I guess because they used good old fashioned con artistry in the form of a seemingly somewhat successful spearphish. (Say that four times fast , boys and goyls!)

What ever you do - don't mention Microsoft Windows

[dgharmon]

"The malware also compromised the computers of a prominent research foundation in Hungary, two thinktanks, and an unnamed healthcare provider in the US"

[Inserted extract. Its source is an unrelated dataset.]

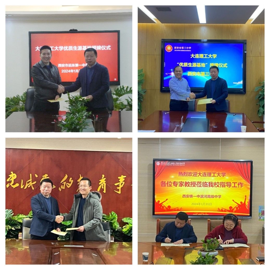 张桂勇院长代表学校与西安市远东第一中学、西安市第三中学、西安电子科技大学附属中学、西安铁一中滨河学校签订优秀生源基地校协议并举行授牌仪式,各所中学的校领导均对我校到访表示欢迎,并就未来合作展开深入讨论与交流。

Is there some kind of rule on tech sites that you're not allowed to mention Microsoft Windows in relation to Windows malware.

Re:

[trentfoley]

I had lots of fun with that in the early 90's. The first time I used the tool, I created a virus with no payload - just replicating and... accidentally unleashed it on my employers network. Fortunately, being the only admin, I cleaned it up before anyone noticed - not that they would anyway. Still, thanks for the memory. And, my kids would never find such a thing on my computers! They have yet to break my encryption.

first thing I thought of

[inode_buddha]

first thing I thought of when I saw this was, +0rc and Fravia's pages.... wow that takes me back

One decade ago

[Anonymous Coward]

Eugene Kaspersky says it's an unusual piece of malware because it's reminiscent of attacks from two decades ago. 'I remember this style of malicious programming from the end of the 1990s and the beginning of the 2000s.

Unless I've been asleep for a very long time, the late 90s/early 00s is one decade ago.

Re:

[PiRXlv]

Late 90s is about 15 years ago. Not sure it can be called two decades, but without a doubt it's more than one decade.